14.Bölüm : İyiyim (1.Seri)

816 56 20
                                    

"Tamam şu bardakları da koy masaya." Dedi Merve iki bardağı elime tutştururken. Bardakları alıp yemek masasının yanına gittim ve masaya koydum.

"Yaren! Fırındaki kek'e bak!" Bugün mal Berke sınıfımızdaki herkesi eve yemeğe davet ettmiş. Hepsi de kabul ettmiş,

"Tamaam!" Dedi Yaren ve kek'e baktı. Bende hemen çoban salatası hazırladım.

"Oh be iyi ki davet etmişim yoksa böyle yemekler yiyebilecek miydim been!?" Dedi Berke tam bir çocuktu! Birde bize akşam haber vermesi efsaneydi! Merve delirmişti.

"Cellaat!" Merve çok yorgun gözüküyordu sabahtan beri yemeklere yetişmeye çalışıyordu.

"Efendim?" Diyerek mutfağa girdi Cellat.

"Marketten içecek falan al." Deyip göz kırptı, ne alaka şimdi. Haa anladım! Jeton şimdi düştü içki falan diyordu.
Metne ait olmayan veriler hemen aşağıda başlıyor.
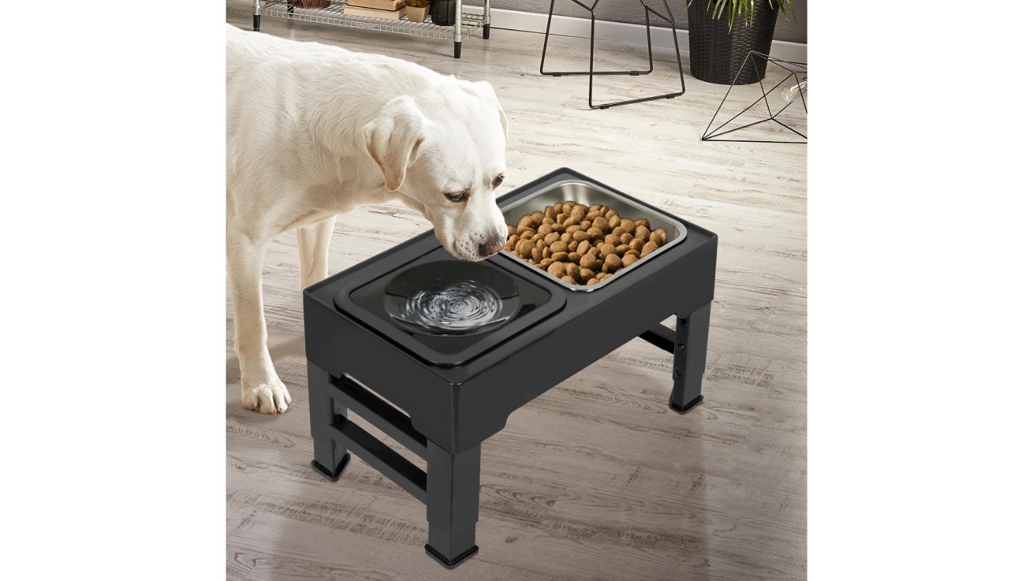 PaWz Adjustable Elevated Pet Feeder Stand with Food Dish, Non-Spill Water Bowl
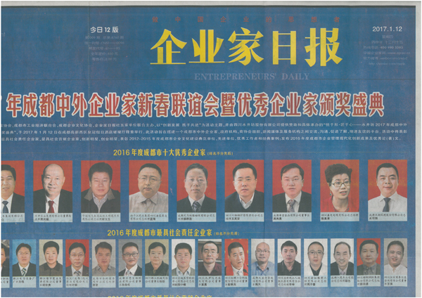 簡(jiǎn)興福主席 榮獲“2016年度成都市十大優(yōu)秀企業(yè)家”的稱號(hào)

"Okeey" dedi Cellat dünden hazırmış! Ne kadar meraklı içkiye haram bir kere haram! Cellat hemen montunu giyinip dışarıya çıktı.

"Cemre! Cellat'a domates al demeyi unuttum koş de." Dedi başımla onaylayıp montumu alıp dışarıya çıktım. Çok uzaklaşmamıştı. Yanına koşarak yetiştim.

"Cellat!" Diye seslendim arkasını dönüp bana baktı. Yanına vardım.

"Efendim?" Diye sordu, marketin önündeydik zaten eve çok uzak değildi market.

"Domates al demeyi unutmuş Mero." Dedim, gözlerini devirdi ve konuşmaya başladı,

"Tamam o zaman, sende gelsene." Dei başımla onaylayıp markete girdik.

Cellat direkmen içki olan yere gitti, bende domates seçtim. Ve Cellat'ın yanına gittim.

"Sen ağır mı içersin hafif mi?" Diye sordu, ona baktım ve konuştum,

"Ben içki içmem." Dedim, başını 'peki' anlamın da salladı, ve baya bir içki aldı. Kasaya gittik, içki ve domateslerin parasını ödeyip marketten çıktık.

"Ee nasılsın?" Diye sordu, başımı hafif ona çevirdim.

"İyiyim." Yorgun bir şekilde cevap verdim.

"Yorgunsun... Yorgunum... Cemre, niye seni bırakamıyorum?" Dedi bana bakarak. Yolun ortasın da öylece durdum, oda durdu.

"Keşke bende bilsem, kaçıncı kez söylüyorum bilmiyorum ama yine söylüyorum. Keşkeler gerçek olsaydı bu halde olmazdık..." Dedim. Oda seviyordu bu sözümü. Elimden tuttu, ve yürümeye başladı.

nE?

Elimden mi tuttu!?

Ellerimize baktım gerçekten elimi tutmuş.

***

Herkez gelmişti, ve şuan onlar icki içiyordu bende meyve suyu. Cellat Ceren'in yanın da oturuyordu bu normaldi sonuçta sevgiliydiler.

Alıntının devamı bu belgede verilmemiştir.